Wednesday, April 04, 2007

Bad Day - Bad Moments - My BLOG Pity Party

Have you ever been so dissappointed in something that it hurts your heart?

Have you ever believed in something for so long and then find out that it wasn't what you thought or it isn't what you thought it would be only to be so disappointed that you even ask God, How come? I really thought this was okay and it was taken care of.

Have you ever trusted so deeply that you never looked back only to NOW see the road ahead with many new curves and steep hills you didn't expect would be there?

Have you ever sacrificed so much for someone or something that you now find yourself second-guessing your decisions and feeling used?

The majority of my life has been filled with many challenges and difficult times that would make you wonder, GEEZ GOD, can I turn off the SIGN on my head that says PICK ME ????? But the majority of the time, I have worked through them all and seen hope in the future and FORGED AHEAD and stayed positive about what lay ahead, I believed that things would be okay and work out. I believe in people and I also know they can let you down.

Today's blog is my official pity party and then I will get on with things as per normal.

Today I look at things with that hurting eye, that aching heart, the disappointment and wonder why? It's just for a moment. I can't always be up and positive.

I look forward to my new move and changes with hope and faith but now with just a tiny bit of "WHAT IF" which frightens me because I have always taken my challenges one by one by getting knocked down, and I keep getting up, brushing off the dirt and wiping the blood off my face but I KEEP GETTING UP.

I guess that's what a MONKEY WRENCH can do in your life.
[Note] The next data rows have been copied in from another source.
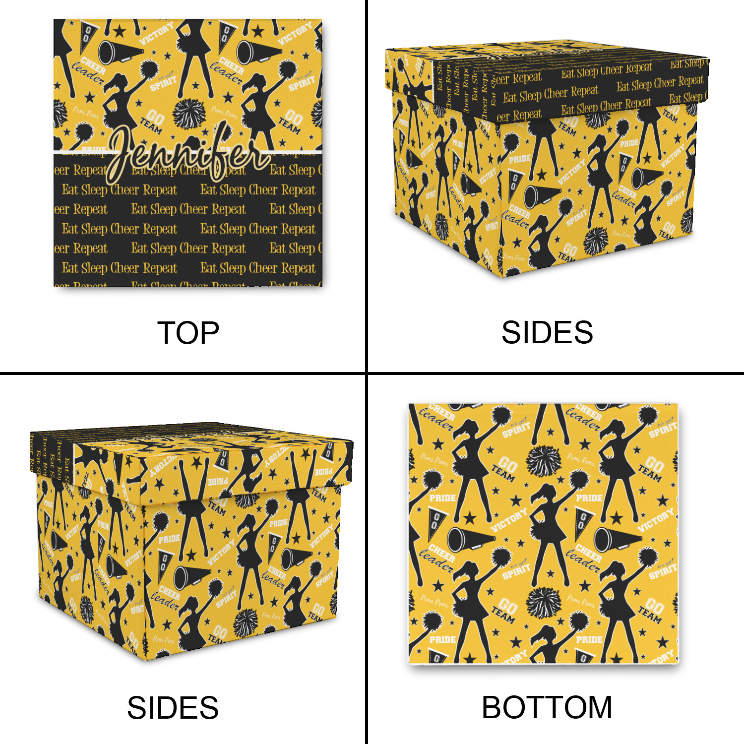 This design is a fun combo with a bright yellow and black. The two colors are a great contrast to one another. The top half of the design has a cheerleader sillhouette as well as words like "cheerleader" and "victory." The bottom half has a background that says eat, sleep, cheer, repeat. Your personalization goes right in between these two backgrounds right in the middle.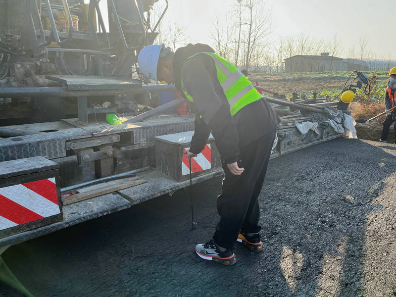 圖說:2024年12月20日安徽固鎮(zhèn)EPC市政項目緯四東路水泥穩(wěn)定碎石下基層攤鋪松鋪厚度檢測 善忠俊攝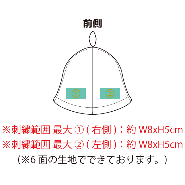 ※6面のタオル生地で出来ておりますので、サウナハット本体のつなぎ目部分に刺繍は不可です。つなぎ目部分にデザインが、被らないようにお願いいたします。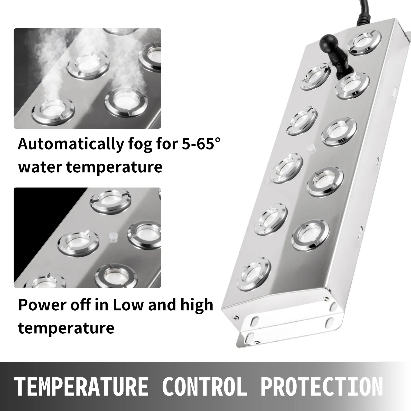Deze ultrasone mistervernevelaar met 10 Hoofd maakt gebruik van elektrische oscillatie op ultrasone frequenties. De pond mister fogger is gemaakt van roestvrij staal dat IP67 waterdicht en corrosiebestendig is voor een lange levensduur.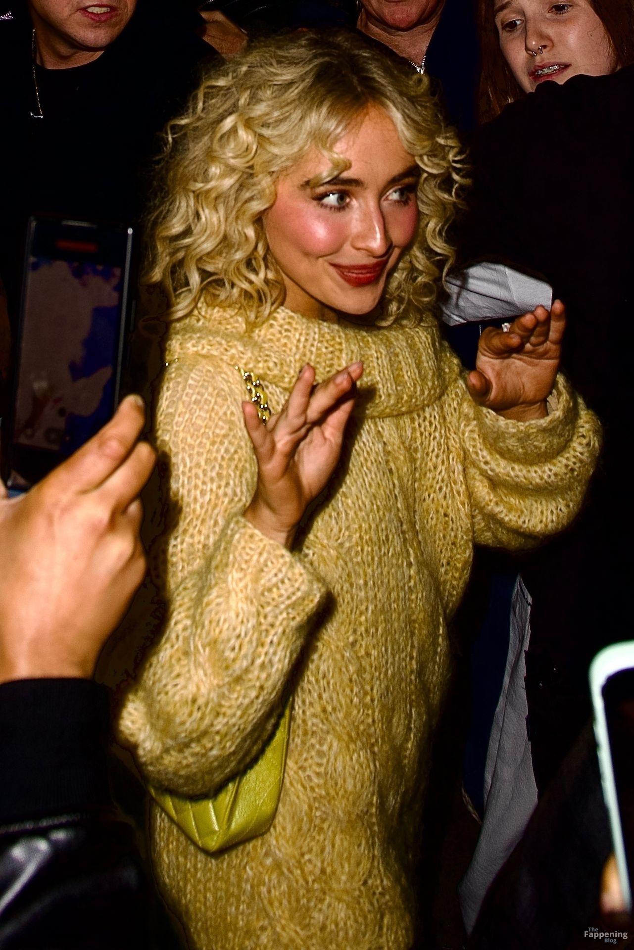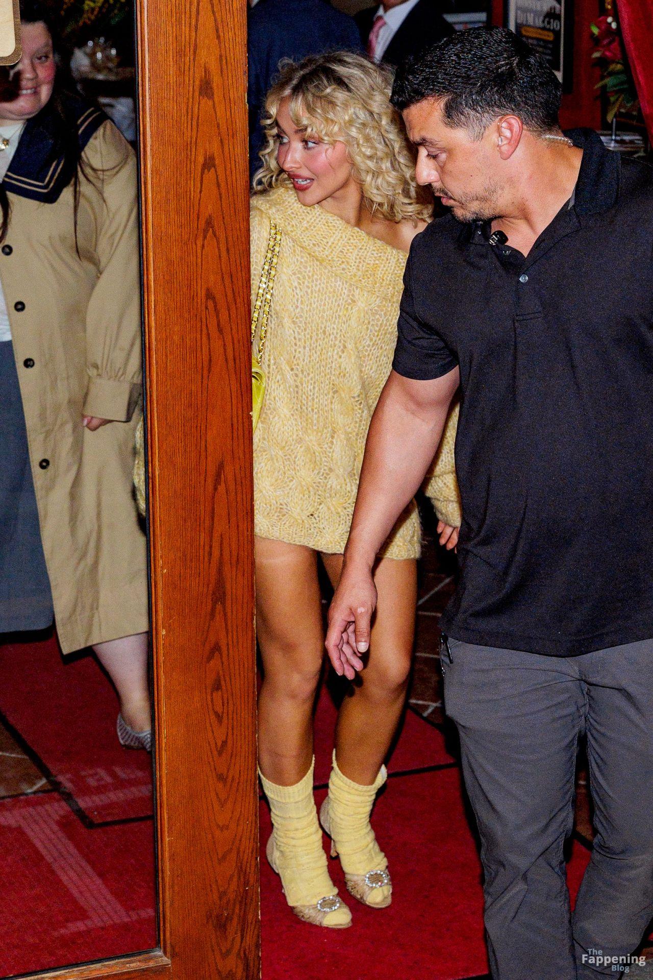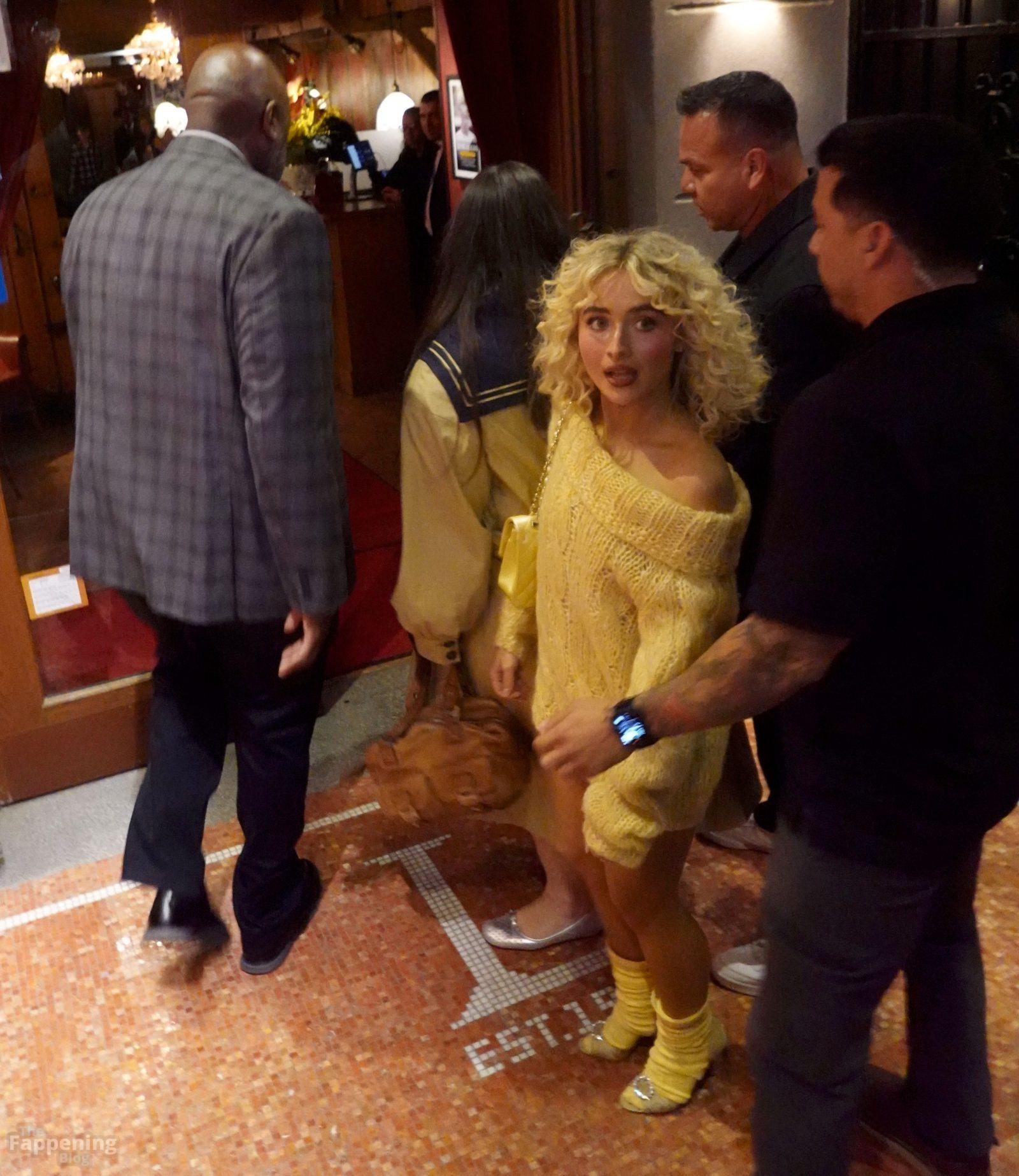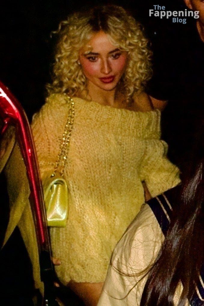 Sabrina Carpenter showed off her legs in a bold no-pants golden sweater, rockin’ curls and a mini bag at an SNL dinner in NYC.

You go along believing that WOW we are doing okay, life is good, and then a MONKEY WRENCH comes in and just gets caught in the spokes of your wheel and you go flying over the handle-bars. OUCH! That hurts! Where did that come from? Why is this happening? How could I be so trusting and stupid to believe that it was 100% okay.

BUT once again, I say Okay God. This is all yours. This is now in your INBOX and you can take care of it please because, to tell you the truth, I am not sure I have the energy to deal with it anymore. God, can you take this big sack of burden here and can you carry it for me.... thanks. I know you said you would and I have basically been carrying a good portion of it for awhile now...and I need to see the CHIROPRACTOR again. I appreciate it! You said you would never leave nor forsake us and I am trusting in your word.

"For as the rain cometh down, and the snow from heaven, and returneth not thither, but watereth the earth, and maketh it bring forth and bud, that it may give seed to the sower, and bread to the eater: So shall my word be that goeth forth out of my mouth: it shall not return unto me void, but it shall accomplish that which I please, and it shall prosper in the thing whereto I sent it" (Isaiah 55:10, 11).

A STORY

WAS IT THE COFFEE YOU WANTED?

A group of alumni, highly established in their careers, got together to visit their old university professor.

Conversation soon turned into complaints about stress in work and life. Offering his guests coffee, the professor went to the kitchen and returned with a large pot of coffee and an assortment of cups--porcelain, plastic, glass, crystal; some plain looking, some expensive, some exquisite--telling them to help themselves to the coffee.

When all the students had a cup of coffee in hand, the professor said: "If you noticed, all the nice looking expensive cups were taken up, leaving behind the plain and cheap ones. While it is but normal for you to want only the best for yourselves, that is the source of your problems and stress.

"What all of you really wanted was coffee, not the cup, but you consciously went for the best cups and were eyeing each other's cups.

"Now consider this: Life is the coffee, and the jobs, money and position in society are the cups.

They are just tools to hold and contain Life, and do not change the quality of Life. Sometimes, by concentrating only on the cup, we fail to enjoy the coffee God has provided.

"So, don't let the cups drive you .... enjoy the coffee instead."